## Directions
So that the copy stays text only, transcribe the data below exactly and exclude the images.

## Supplied information
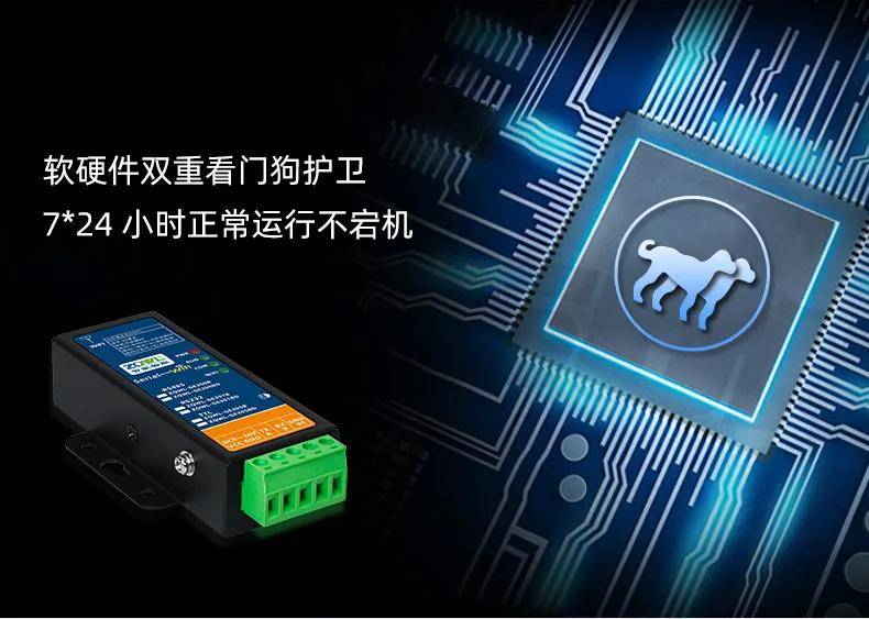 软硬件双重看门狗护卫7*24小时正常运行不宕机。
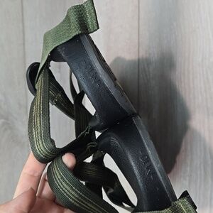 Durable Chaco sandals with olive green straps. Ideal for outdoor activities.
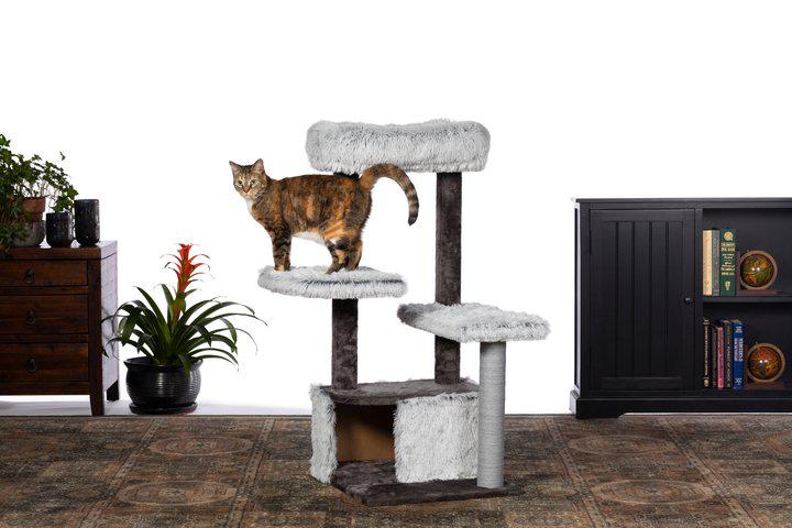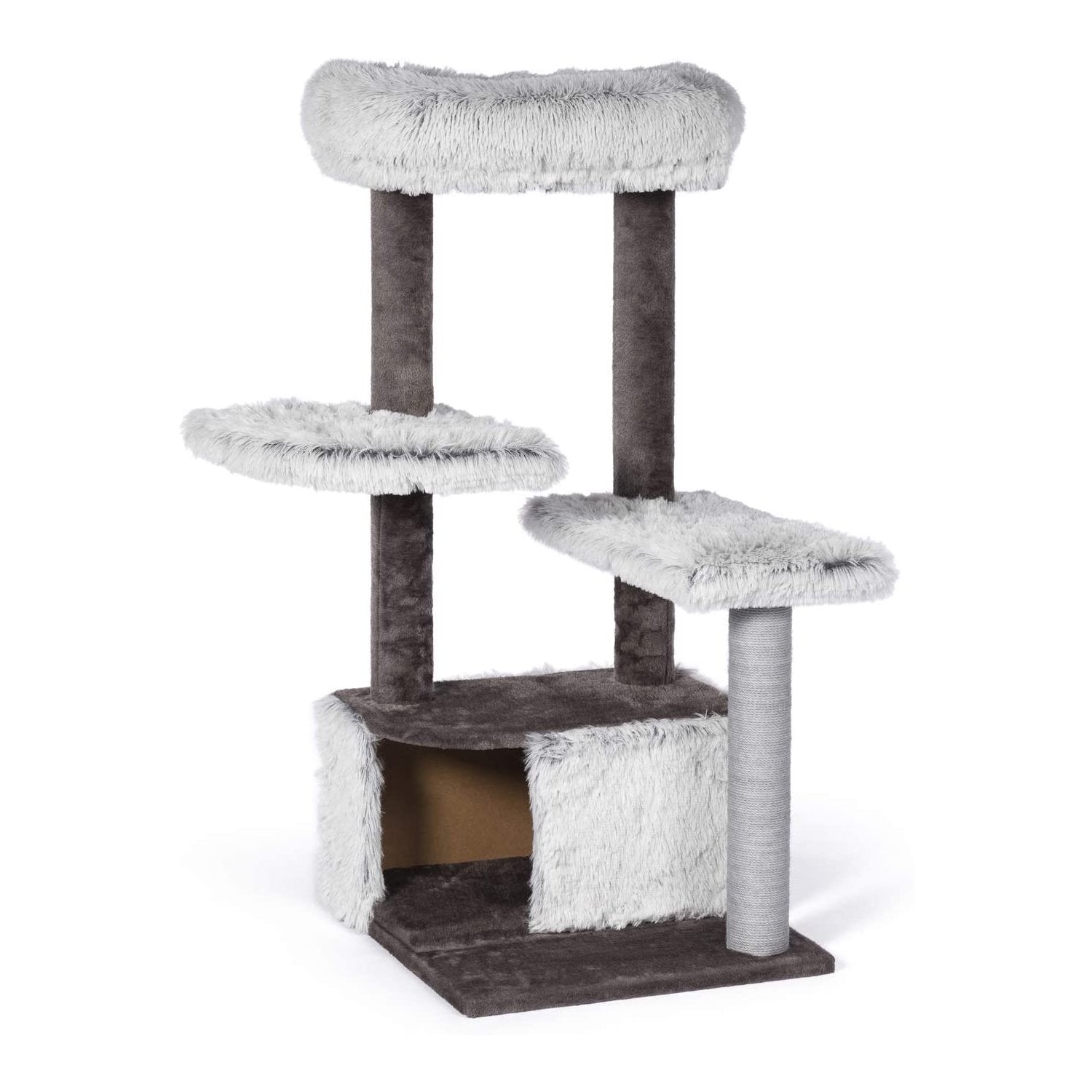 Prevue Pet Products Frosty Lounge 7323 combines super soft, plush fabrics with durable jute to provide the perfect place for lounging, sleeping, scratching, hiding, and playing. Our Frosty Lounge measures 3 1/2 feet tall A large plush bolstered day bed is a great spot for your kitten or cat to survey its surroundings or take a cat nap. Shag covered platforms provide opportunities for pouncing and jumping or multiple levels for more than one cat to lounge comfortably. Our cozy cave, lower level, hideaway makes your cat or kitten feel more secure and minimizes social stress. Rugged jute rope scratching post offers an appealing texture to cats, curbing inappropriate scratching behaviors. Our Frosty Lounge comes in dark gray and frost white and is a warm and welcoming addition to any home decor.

## Task response
 软硬件双重看门狗护卫7*24小时正常运行不宕机。
 Durable Chaco sandals with olive green straps. Ideal for outdoor activities.
 Prevue Pet Products Frosty Lounge 7323 combines super soft, plush fabrics with durable jute to provide the perfect place for lounging, sleeping, scratching, hiding, and playing. Our Frosty Lounge measures 3 1/2 feet tall A large plush bolstered day bed is a great spot for your kitten or cat to survey its surroundings or take a cat nap. Shag covered platforms provide opportunities for pouncing and jumping or multiple levels for more than one cat to lounge comfortably. Our cozy cave, lower level, hideaway makes your cat or kitten feel more secure and minimizes social stress. Rugged jute rope scratching post offers an appealing texture to cats, curbing inappropriate scratching behaviors. Our Frosty Lounge comes in dark gray and frost white and is a warm and welcoming addition to any home decor.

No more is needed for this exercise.